Als «ein ewiges Zusammenkommen und Auseinandertreiben» ­be­schreibt Olga ihre Liebesgeschichte mit Radu, einem Dokfilmer, den sie in Ecuador kennengelernt hat. Den Unsteten zieht es aus dem Engadiner Bergdorf immer wieder in die Welt hinaus – zu Filmaufnahmen mit seiner Equipe oder zur Tiger-Zählung an den fernen Fluss Amur. Die vielen Abschiede brennen sich Olga ein, und sie weiss: «Es gibt Zeiten, da ist es ratsam, das Herz für eine Weile einzufrieren, damit es keinen Schaden nimmt.» Sie erzählt ihre Geschichte im Rückblick, als alternde Frau, die ihre Erinnerungen an ihre grosse Liebe, aber auch an ihre Kindheit bei den Grosseltern und das Leben im Dorf an sich vorbeiziehen lässt.

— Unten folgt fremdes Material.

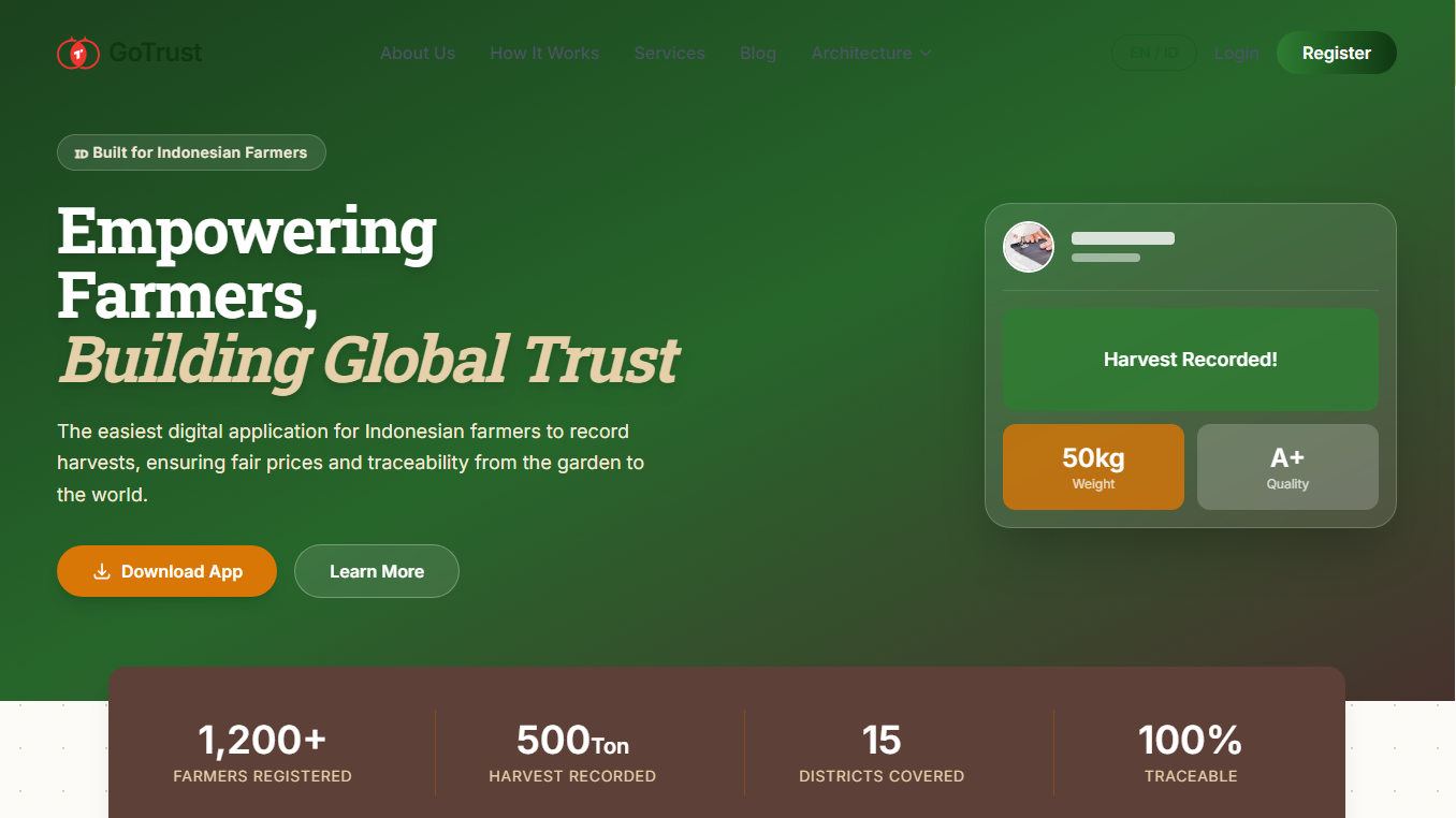 Empowering Farmers, Building Global Trust The easiest digital application for Indonesian farmers to record harvests, ensuring fair prices and traceability from the garden to the world.

Die 77-jährige Autorin hält diese Verbindung in kraftvollen, poetischen Momentaufnahmen fest, die zwischen verschie­denen Zeit- und Ortsebenen wechseln. Es sind an der Lyrik geschulte, auf den Kern reduzierte Bilder. Zur Prosa hat Leta Semadeni nach Gedichtbänden im Idiom Vallader und auf Deutsch erst 2015 mit ihrem zarten Romandebüt «Tamangur» gefunden. «Amur, grosser Fluss», in dem das Dorf aus «Tamangur» anklingt, ist ein stilles, philoso­phisches Buch zum langsamen Genies­sen.

Leta Semadeni 
Amur, grosser Fluss
192 Seiten
(Atlantis 2022)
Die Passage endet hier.